Re: [pcre-dev] PCRE 7.3 release candidate for testing

Top Page
Delete this message
Author: Philip Hazel
Date:  
To: Sheri
CC: pcre-dev
Subject: Re: [pcre-dev] PCRE 7.3 release candidate for testing
On Sat, 18 Aug 2007, Sheri wrote:

> As I've said, use of "\r" and "\n" in user patterns (where CRLF is
> either the only, or one of the, valid linebreaks) is widespread.


Another thought. The skip over CRLF feature was for patterns containing
dots (e.g. ".+A") to avoid matching \nA in the string "\r\nA". On
thinking this over, perhaps the feature should occur only when CRLF is
the *only* valid newline sequence.

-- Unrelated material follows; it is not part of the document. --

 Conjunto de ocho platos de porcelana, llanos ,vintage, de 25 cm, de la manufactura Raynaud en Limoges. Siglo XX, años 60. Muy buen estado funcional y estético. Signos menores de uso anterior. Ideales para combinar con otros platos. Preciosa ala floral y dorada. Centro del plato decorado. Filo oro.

For ANY or ANYCRLF, dot will also
fail to match \n, and so wouldn't give a problem there.

But no doubt that would lead to other problems. I now see why Perl had
dodged this issue by converting line endings on input and output.

> I'm ambivalent about what to do with the optimization inconsistency. For
> now I think it should simply be documented.


I have done so.

> It would be nice to have a metacharacter for matching only those
> linebreaks associated with ANYCRLF and another for matching only CRLF.
> (I presume one for ANYCRLF would not work in a lookbehind).

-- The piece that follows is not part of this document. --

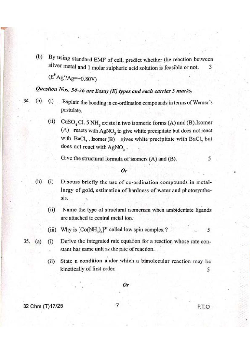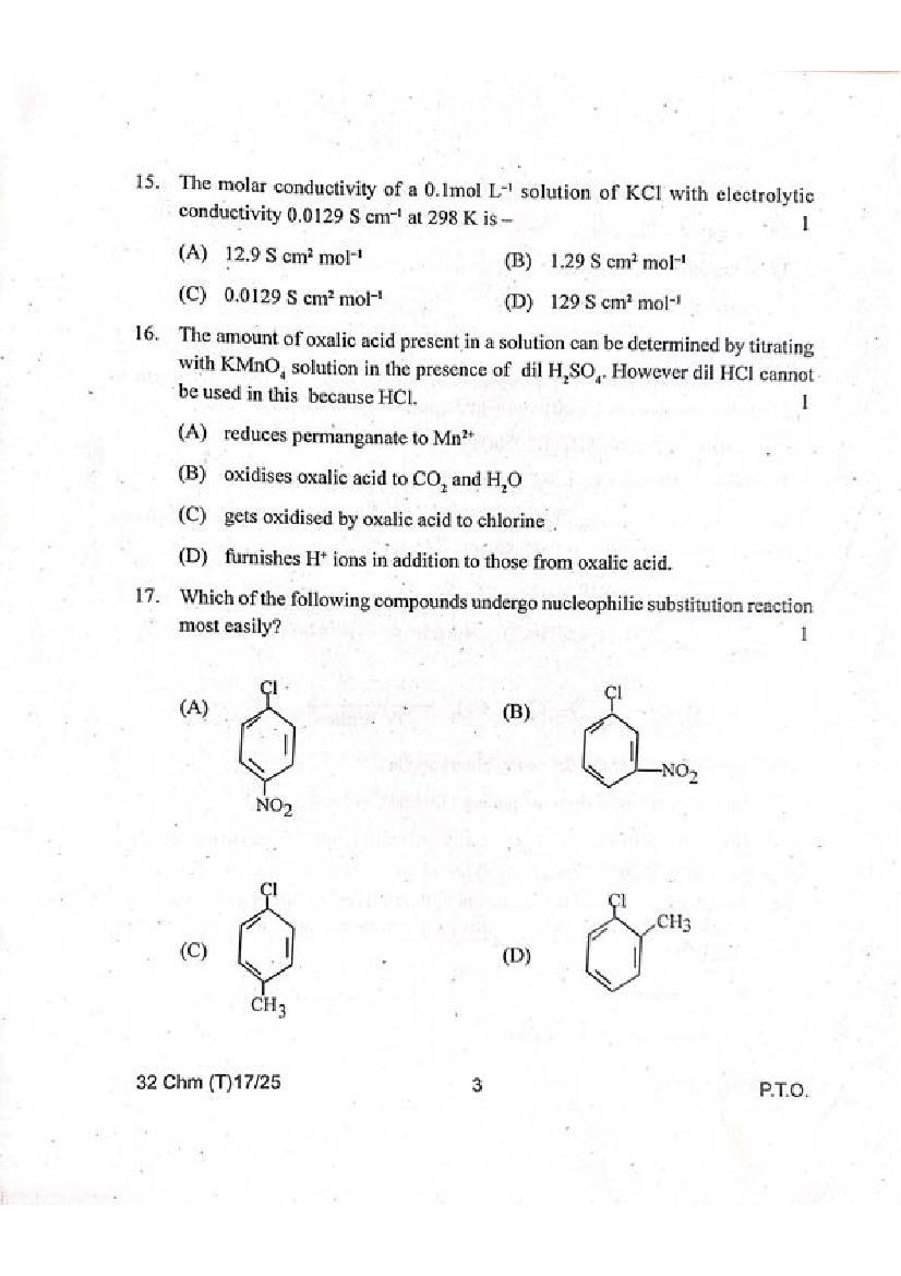 Manipur Board Class 12 Question Paper 2025 for Chemistry View Download

I'm thinking about the former; for the latter you already have \r\n,
which isn't a huge amount of typing...and letters for new escapes are
very scarce. The existing \R doesn't work in lookbehind.

> It would be nice (at some point) to have internalized newline options
> (that work only at the start of the pattern).


I could implement something like

(?N=CR)rest-of-pattern

fairly easily - with no recognition anywhere other than at the very
start of the pattern. But I'm wondering whether this is getting to be
very special-purpose?

Anybody else on this list have views?

Philip

--
Philip Hazel, University of Cambridge Computing Service.